┏━━

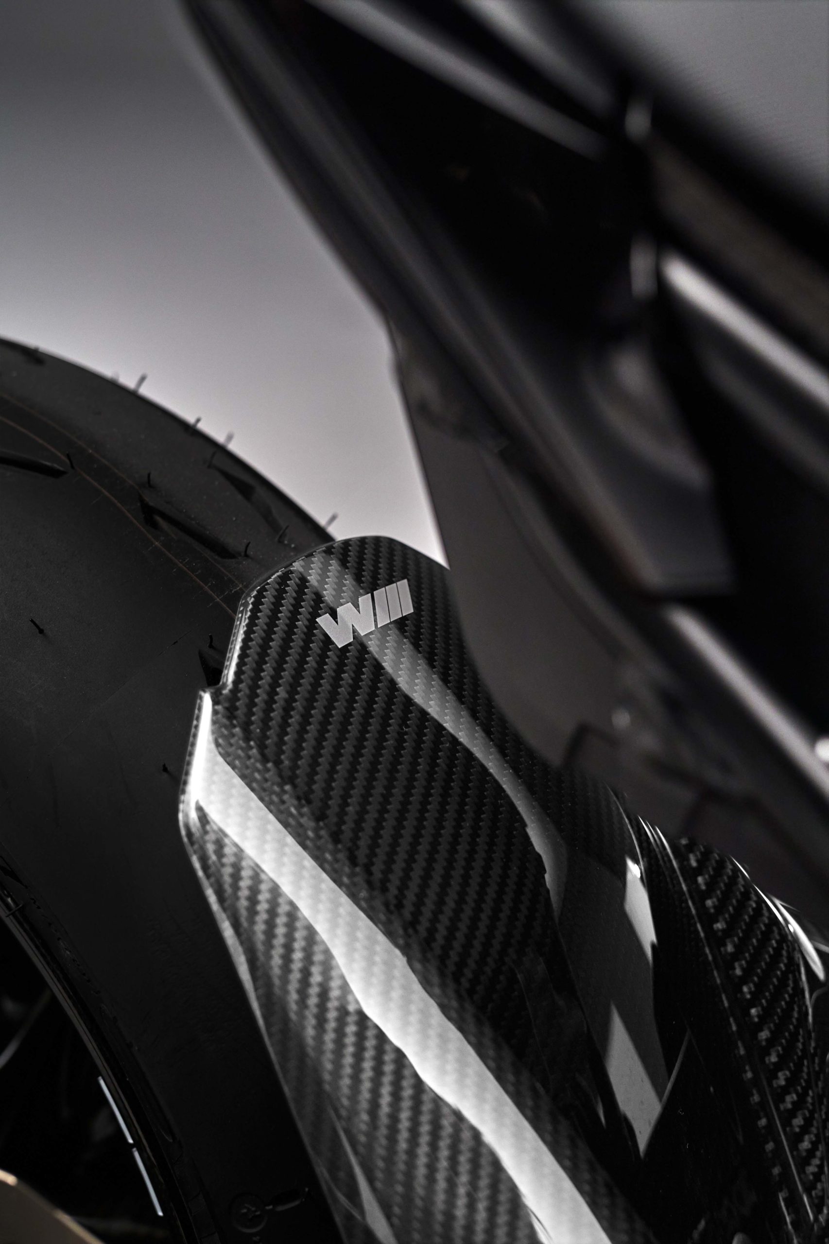 First off, you will see the prominent carbon fiber winglets attached to the front of the fairing, which is very en vogue right now, and thus obligatory. They provide 36 lbs (16.2 kg) of downforce at 187 km/h.
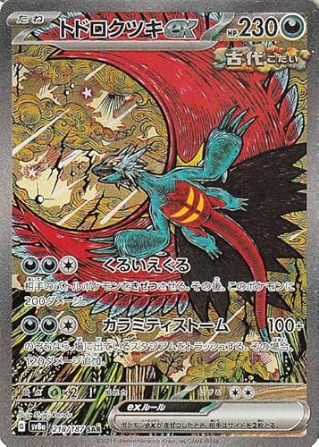 ポケモンカードゲームSV8aのハイクラスパック「テラスタルフェスex」には、トドロクツキex SAR (218/187)が含まれています。これは悪タイプのたねポケモンで、特別な能力や強力な技を持つ魅力的なカードです。
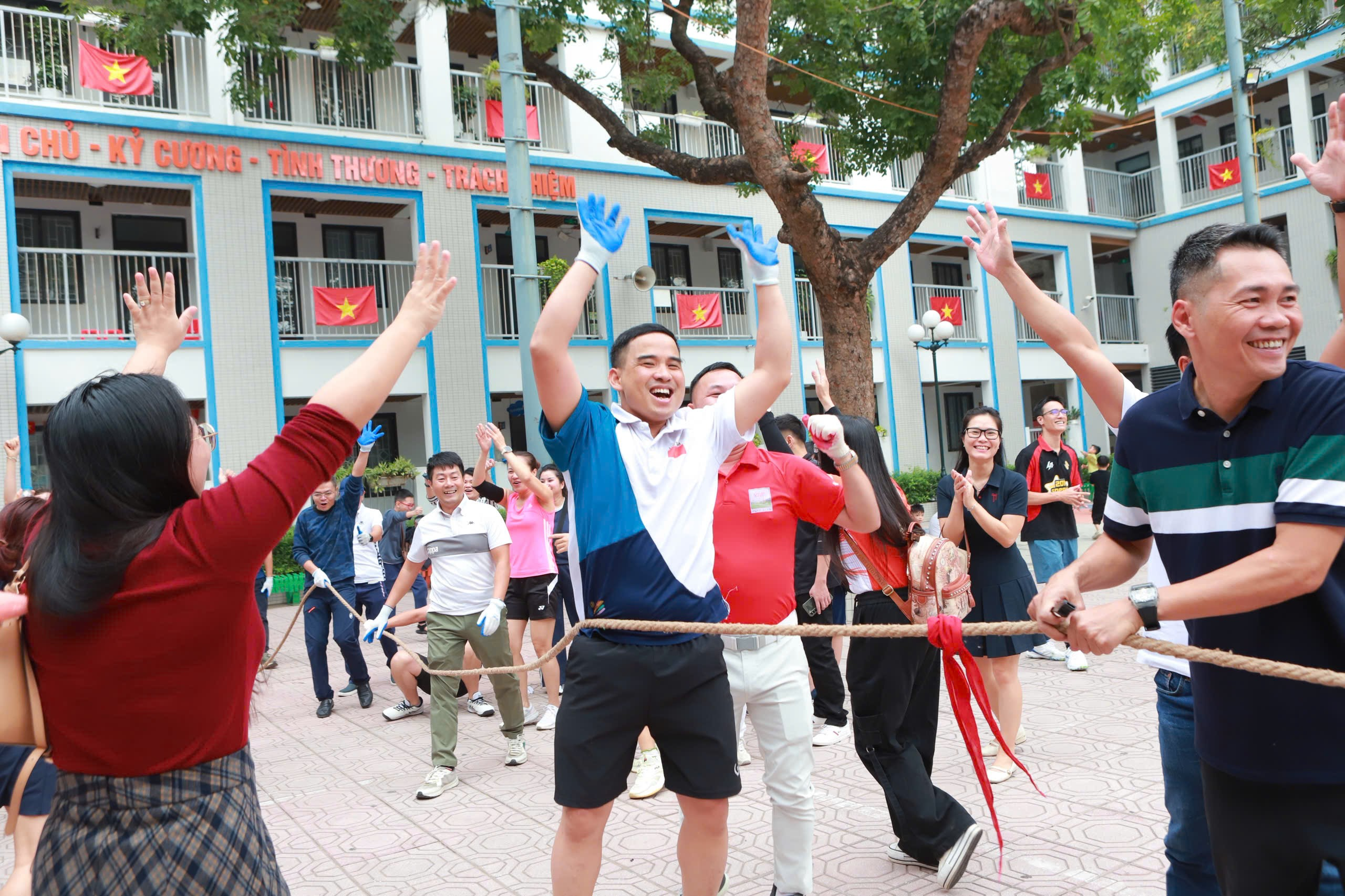 Đây không chỉ là những trận đấu, đây là những bài ca về sức mạnh tập thể và sự thân thiện gắn kết các thầy cô và các phụ huynh học sinh. Sau những phút giây căng thẳng, kịch tích, đấu trí, đấu lực từng milimet trên dây kéo dù bên nào là đội chiến thắng cả sân trường đều hò reo hân hoan và tràn ngập tiếng cười trong một tình thân mến vô tư, trong sáng và rất đỗi chân thành.
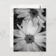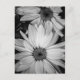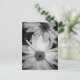 A postcard with a black and white photograph of a couple of white flowers.
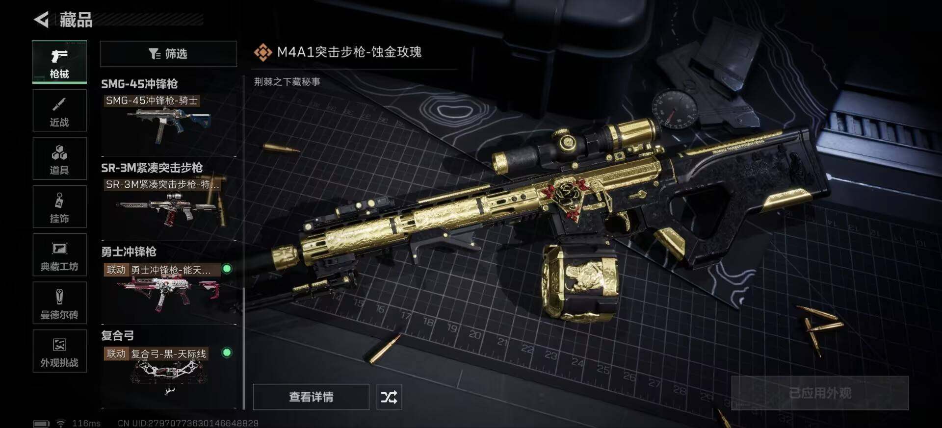【传说级普通外观】:M4A1突击步枪-蚀金玫瑰,M4A1突击步枪-阿米娅,AK-12突击步枪-特斯拉线圈,SCAR-H战斗步枪-水墨云图,SCAR-H战斗步枪-启航,CAR-15突击步枪-阿米娅,Vector冲锋枪-能天使-午夜邮差,UZI冲锋枪-特斯拉线圈,SMG-45冲锋枪-骑士,SR-3M紧凑突击步枪-特斯拉线圈,勇士冲锋枪-能天使-午夜邮差,复合弓-黑·天际线
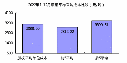 1—12月对标企业废钢平均采购成本最低的前5家企业的加权平均采购成本为2813.22元/吨,比对标企业平均采购成本低275.28元/吨,低于平均采购成本8.91%;而采购成本最高的5家企业加权平均采购成本为3399.61元/吨,比对标企业平均采购成本高311.11元/吨,高于平均采购成本10.07%。
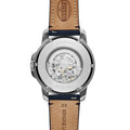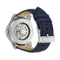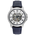 Stainless steel case with a navy blue leather strap. Fixed stainless steel bezel. Silver skeleton dial with luminous blue hands and Roman numeral hour markers. Minute markers around the outer rim. Dial Type: Analog. Automatic movement. Scratch resistant mineral crystal. Pull / push crown.
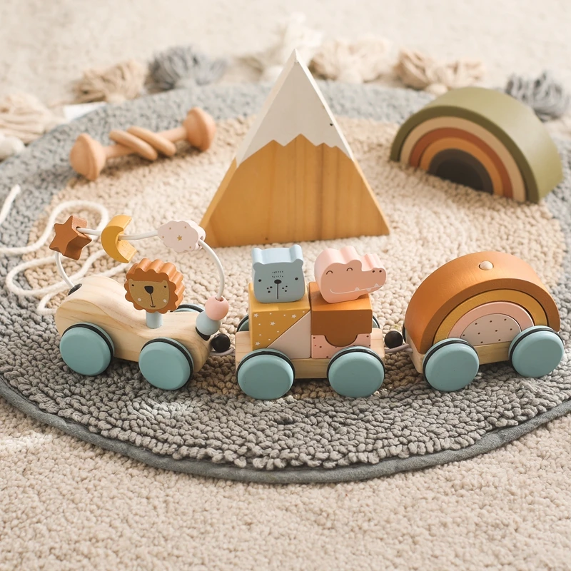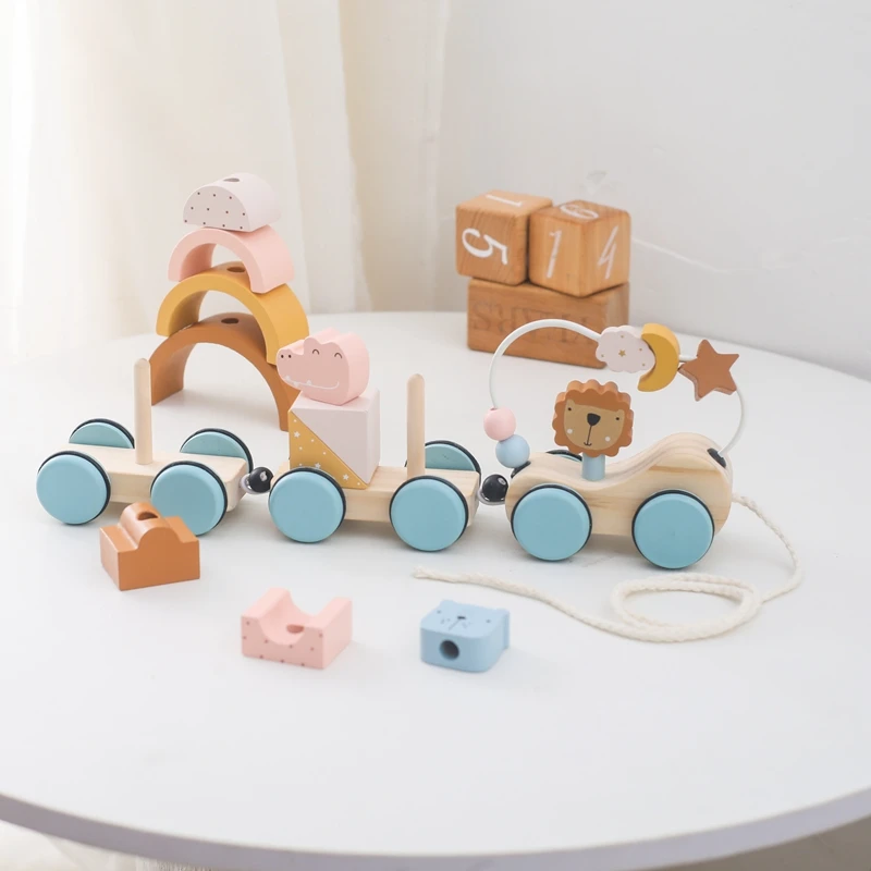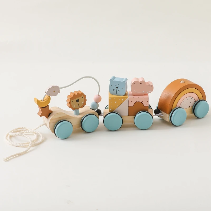 Wooden Baby Dragging Stars Moon Surround Car Beech Baby Toys Car Montessori Toys Hand Coordination Toy Handmade Decoration Gifts

┗━━

● **WHAT YOU NEED TO DO**
The records above are to be repeated word for word, with the pictures omitted.

● **THE ANSWER**
 First off, you will see the prominent carbon fiber winglets attached to the front of the fairing, which is very en vogue right now, and thus obligatory. They provide 36 lbs (16.2 kg) of downforce at 187 km/h.
 ポケモンカードゲームSV8aのハイクラスパック「テラスタルフェスex」には、トドロクツキex SAR (218/187)が含まれています。これは悪タイプのたねポケモンで、特別な能力や強力な技を持つ魅力的なカードです。
 Đây không chỉ là những trận đấu, đây là những bài ca về sức mạnh tập thể và sự thân thiện gắn kết các thầy cô và các phụ huynh học sinh. Sau những phút giây căng thẳng, kịch tích, đấu trí, đấu lực từng milimet trên dây kéo dù bên nào là đội chiến thắng cả sân trường đều hò reo hân hoan và tràn ngập tiếng cười trong một tình thân mến vô tư, trong sáng và rất đỗi chân thành.
 A postcard with a black and white photograph of a couple of white flowers.
【传说级普通外观】:M4A1突击步枪-蚀金玫瑰,M4A1突击步枪-阿米娅,AK-12突击步枪-特斯拉线圈,SCAR-H战斗步枪-水墨云图,SCAR-H战斗步枪-启航,CAR-15突击步枪-阿米娅,Vector冲锋枪-能天使-午夜邮差,UZI冲锋枪-特斯拉线圈,SMG-45冲锋枪-骑士,SR-3M紧凑突击步枪-特斯拉线圈,勇士冲锋枪-能天使-午夜邮差,复合弓-黑·天际线
 1—12月对标企业废钢平均采购成本最低的前5家企业的加权平均采购成本为2813.22元/吨,比对标企业平均采购成本低275.28元/吨,低于平均采购成本8.91%;而采购成本最高的5家企业加权平均采购成本为3399.61元/吨,比对标企业平均采购成本高311.11元/吨,高于平均采购成本10.07%。
 Stainless steel case with a navy blue leather strap. Fixed stainless steel bezel. Silver skeleton dial with luminous blue hands and Roman numeral hour markers. Minute markers around the outer rim. Dial Type: Analog. Automatic movement. Scratch resistant mineral crystal. Pull / push crown.
 Wooden Baby Dragging Stars Moon Surround Car Beech Baby Toys Car Montessori Toys Hand Coordination Toy Handmade Decoration Gifts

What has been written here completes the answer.